Geçen yüzyılda, uzun bir süre, ayın kökenine ilişkin üç teori geleneksel olarak kabul edildi. Şu anda, bilim camiasının çoğu, Ay'ın gezegenoidinin yapay kökeni hipotezini diğerlerinden daha az makul bulmadı.

Bir teori, Ay'ın Dünya'nın bir parçası olduğunu öne sürüyor. Ancak bu iki cismin doğasındaki büyük farklılıklar, bu teoriyi pratik olarak savunulamaz hale getiriyor.

Başka bir teori, bu gök cisminin Dünya ile aynı zamanda, aynı kozmik gaz bulutundan oluştuğudur. Ancak Dünya ve Ay'ın en azından benzer bir yapıya sahip olması gerektiğinden, önceki sonuç bu yargıyla ilgili olarak da geçerlidir.

Üçüncü teori, uzayda dolaşırken, Ay'ın yerçekimine düştüğünü ve onu yakalayıp "esirine" çevirdiğini öne sürüyor.

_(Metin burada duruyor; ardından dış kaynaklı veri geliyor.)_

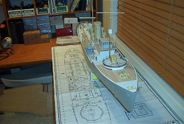 Fleetscale hull with Sirmar fittings. All the super structure was scratch
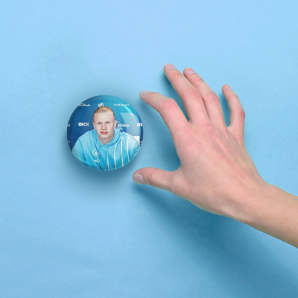 آینه های جیبی ارلینگ هالند Erling Haaland خندالو دایره ای به قطر 7.5 سانتی متر می باشد که نه خیلی بزرگ و غیر قابل استفاده در کیف آرایشی ست و نه خیلی کوچک که تصویر خاصی در آن مشاهده نشود. سایزی استاندارد و کارآمد دارد و مناسب قرار گیری در کیف لوازم آرایش و کیف های کوچک دستی نیز هست.

Bu açıklamanın en büyük dezavantajı, Ay'ın yörüngesinin neredeyse dairesel ve döngüsel olmasıdır. Böyle bir fenomenle (uydu gezegen tarafından "yakalandığında"), yörünge merkezden yeterince uzakta olacaktır veya en azından bir tür elipsoid olacaktır.

Dördüncü varsayım en inanılmazıdır, ancak her durumda, Dünya'nın uydusu ile ilişkili çeşitli anormallikleri açıklayabilir, çünkü Ay akıllı varlıklar tarafından tasarlandıysa, o zaman kendisini ödünç verdiği fiziksel yasalar olurdu. diğer gök cisimleri için aynı derecede geçerli değildir.

Bilim adamları Vasin ve Shcherbakov tarafından öne sürülen Ay'ın bilmeceleri, Ay'ın anormalliklerinin sadece bazı gerçek fiziksel tahminleridir. Ayrıca "doğal" uydumuzun olmaması ihtimalini düşünenlere güven veren daha birçok video, fotoğrafik kanıt ve araştırma var.